| ABOUT THIS TASK |
Ignoring every picture, return the lines of the listing below word for word, from the line that holds "Scrapbook Chess Set" through the line that holds "- Exterior Details: Top".

| INFORMATION SUPPLIED |
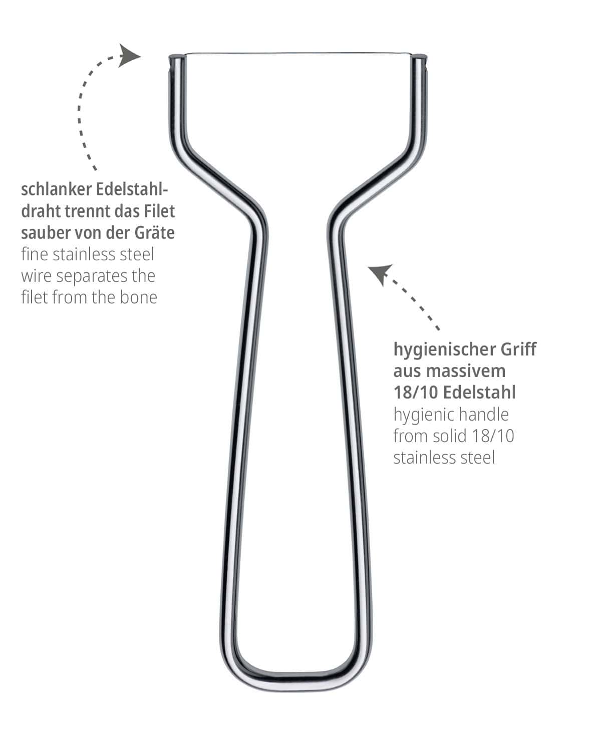 Der Sardinenfiletierer löst das Problem, kleine Fische wie Sardinen und Sardellen zu filetieren auf einfache und geniale Weise. Statt mit einer Klinge arbeitet er mit einem Draht, der die Filets von der Gräte zieht, ohne sie zu durchtrennen. Die Filets sind praktisch grätenfrei. Der Draht ist bei Bedarf austauschbar.
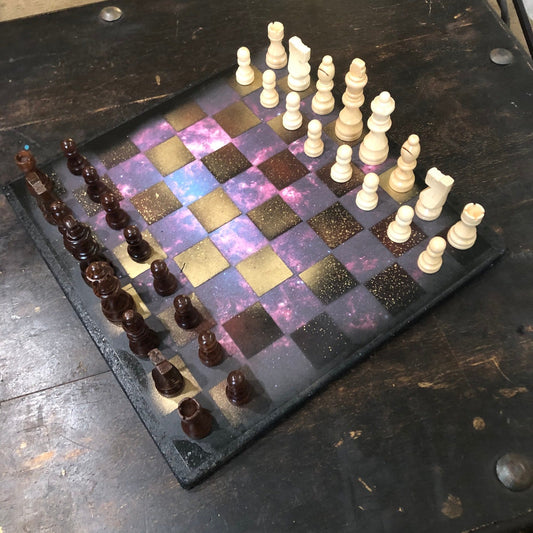 Scrapbook Chess Set - Vibrant Glaxy (Resin Pieces)
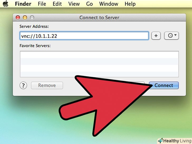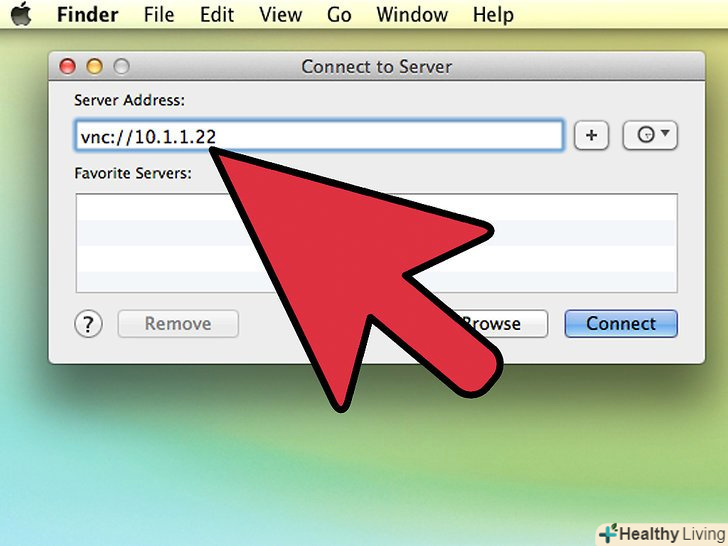 У вікні напишітьVnc://, потім IP-адресу комп'ютера, до якого хочете приєднатися. (Наприклад: vnc://10.1.1.22)
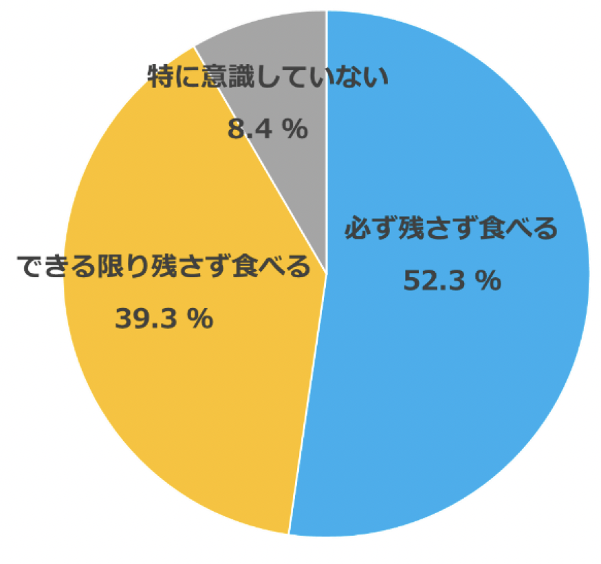 「あなたは外食をする際、できるだけ食べ残しをしないように意識していますか?」という質問では、「必ず残さず食べる」が最も多く52.3%、「できる限り残さず食べる」が39.3%で続き、「特に意識していない」は8.4%でした。
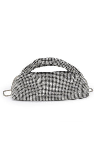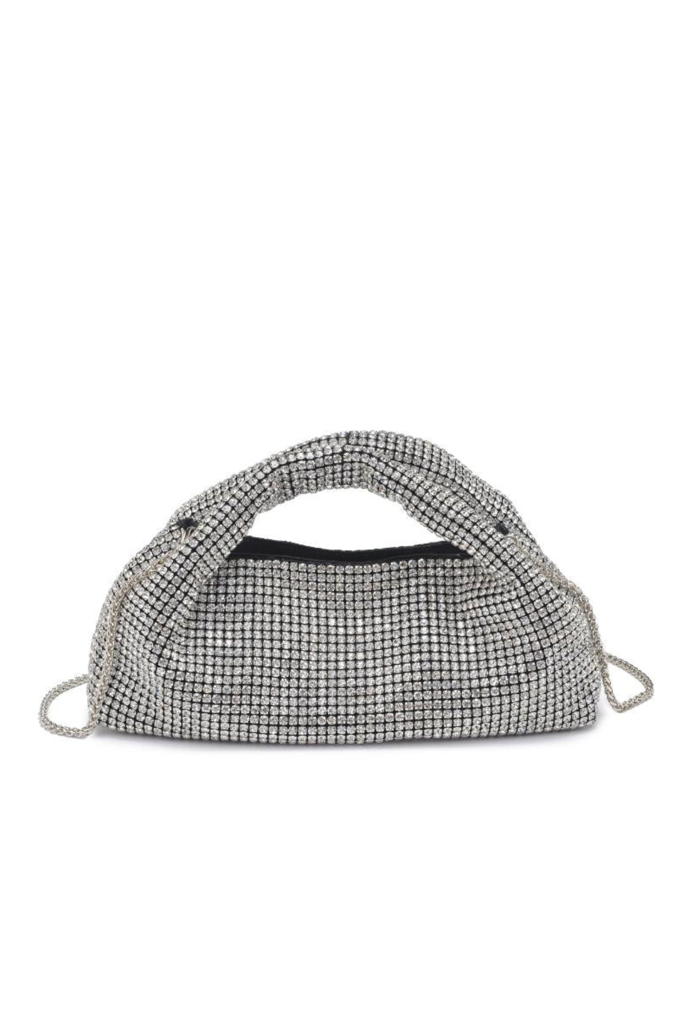 - Exterior Details: Top Handle, Rhinestones All-over, Silver Hardware, Detachable Chain Strap
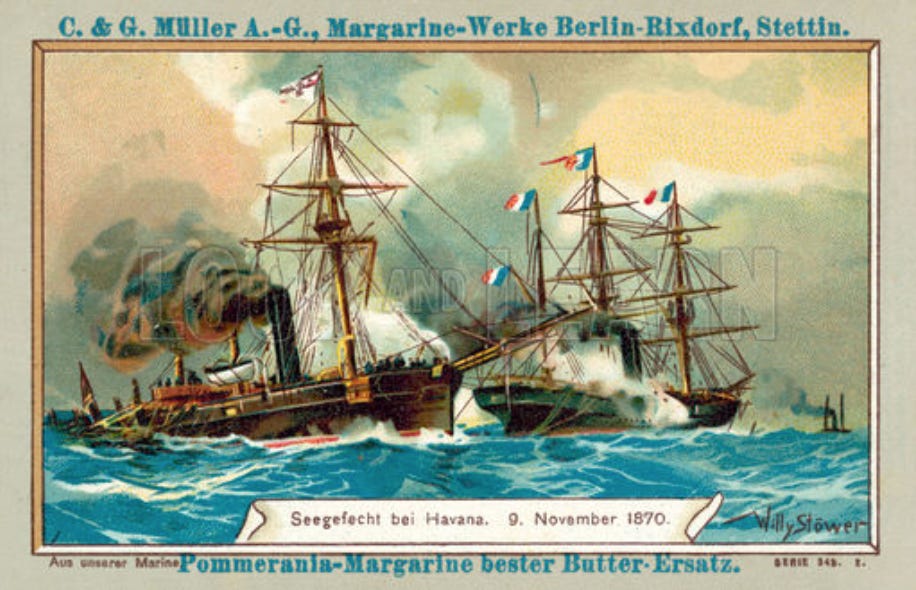 The Battle of Havana, November 9th 1870. A card issued by a margarine manufacturer – SMS Meteor on left
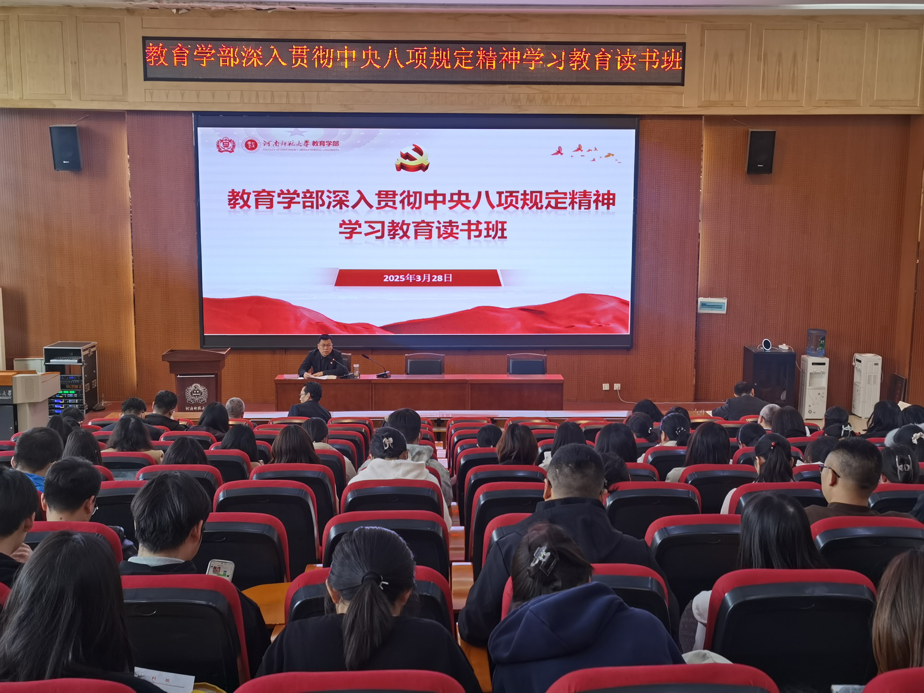 为深入贯彻中央八项规定精神学习教育走深走实,根据校党委相关部署要求,3月27-28日,教育学部开展深入贯彻中央八项规定精神学习教育读书班。在专家辅导、个人自学基础上,28日下午,在东区求是中楼302教室举行深入贯彻中央八项规定精神学习教育读书班集体学习与交流研讨,学部全体师生党员参加,学部党委书记陈勇主持。
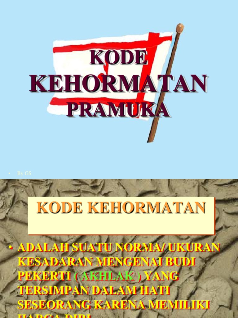 Kode kehormatan pramuka kode kehormatan adalah suatu norma aturan yang menjadi ukuran kesadaran mengenai ahlak budi pekerti yang tersimpan dalam hati seseorang yang menyadari harga dirinya. Kode kehormatan pramuka adalah suatu norma dalam kehidupan pramuka yang menjadi ukuran atau standar tingkah laku pramuka di masyarakat.
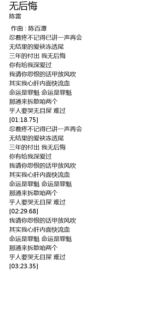 | [00:36.86] | sān nián de fù chū wǒ wú hòu huǐ |
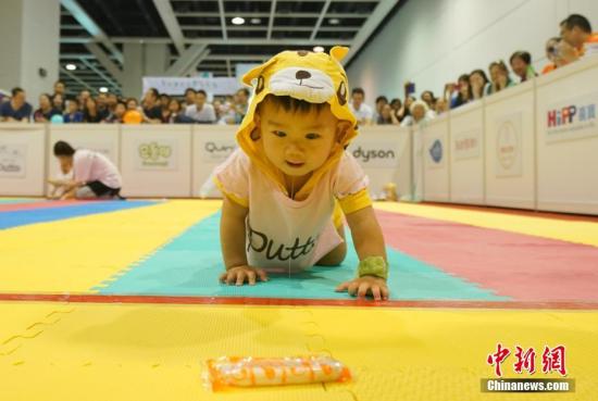資料圖:百名嬰兒參加全港嬰兒慈善馬拉松爬行大賽。 中新社記者 張煒 攝
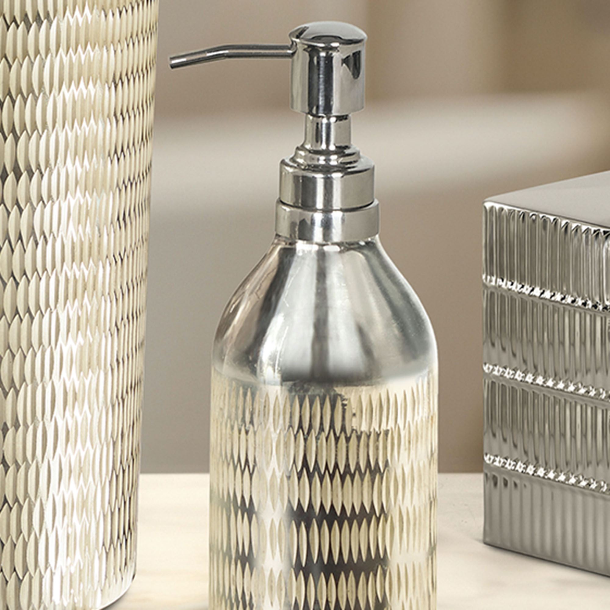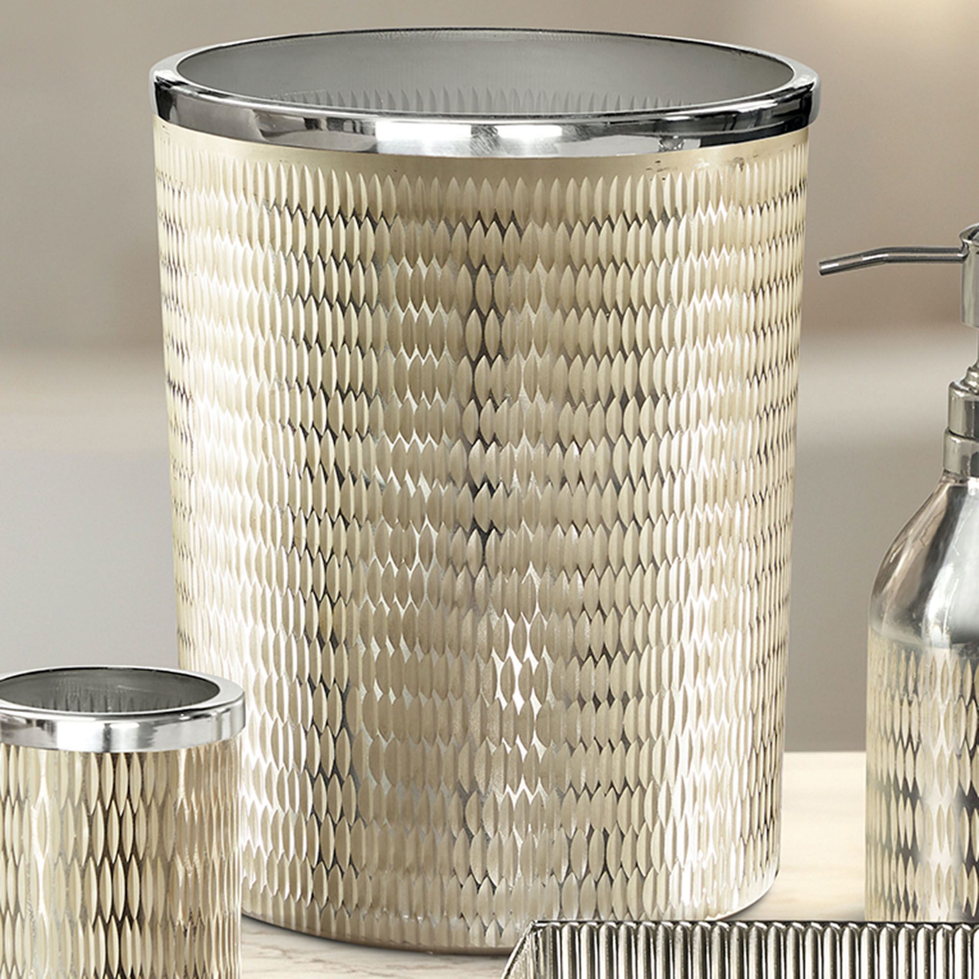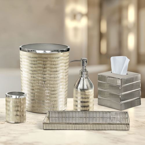 The Tanna Bath Accessories glimmer and shimmer with elegance. These contemporary metal accessories, by J. Queen New York, have hammered etched designs that are textured and reflect light. Most have stunning polished champagne gold designs on a silver background; the Tissue Cover and Tray have silver designs on a silver background. Specify Wastebasket, Tissue Cover, Tray, Tumbler, or Lotion/Soap Dispenser.
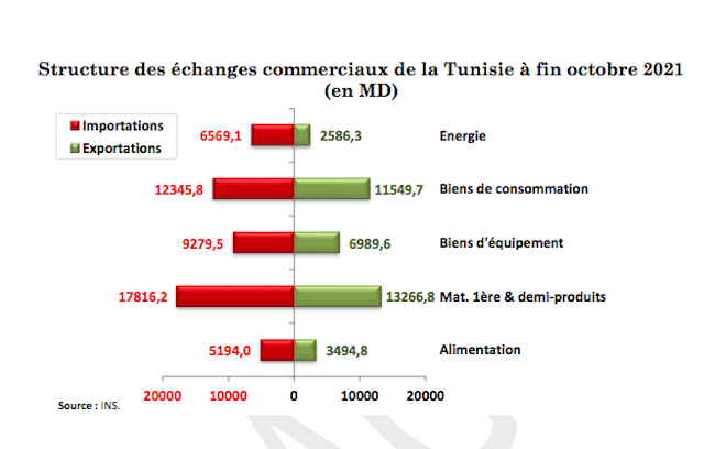 Tunis, — La balance commerciale alimentaire a enregistré au cours des dix premiers mois de l’année 2021 un déficit de 1.699,2 MD contre 619,5 MD durant la même période l’année dernière ; enregistrant ainsi, un taux de couverture de 67,3% en 2021 contre 86,7% en 2020.
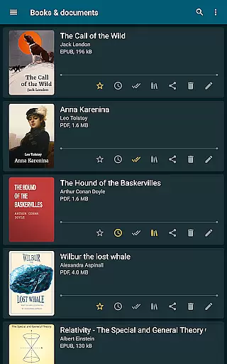 The app automatically detects all supported books on your device, making it easy to build and manage your personal library. With the ability to search by title, author, series, format, or language, users can quickly locate specific books among potentially thousands stored in their digital collection.
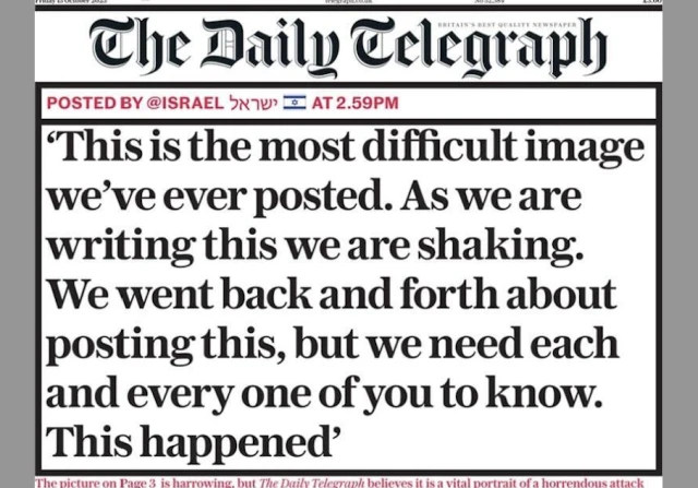 The British newspaper Daily Telegraph dedicated its Friday edition, in print and online, to a photograph proving that Hamas killed, burned and mutilated Israeli children, which was published by the Israeli Foreign Ministry on X.

| WRITTEN SOLUTION |
 Scrapbook Chess Set - Vibrant Glaxy (Resin Pieces)
 У вікні напишітьVnc://, потім IP-адресу комп'ютера, до якого хочете приєднатися. (Наприклад: vnc://10.1.1.22)
 「あなたは外食をする際、できるだけ食べ残しをしないように意識していますか?」という質問では、「必ず残さず食べる」が最も多く52.3%、「できる限り残さず食べる」が39.3%で続き、「特に意識していない」は8.4%でした。
 - Exterior Details: Top Handle, Rhinestones All-over, Silver Hardware, Detachable Chain Strap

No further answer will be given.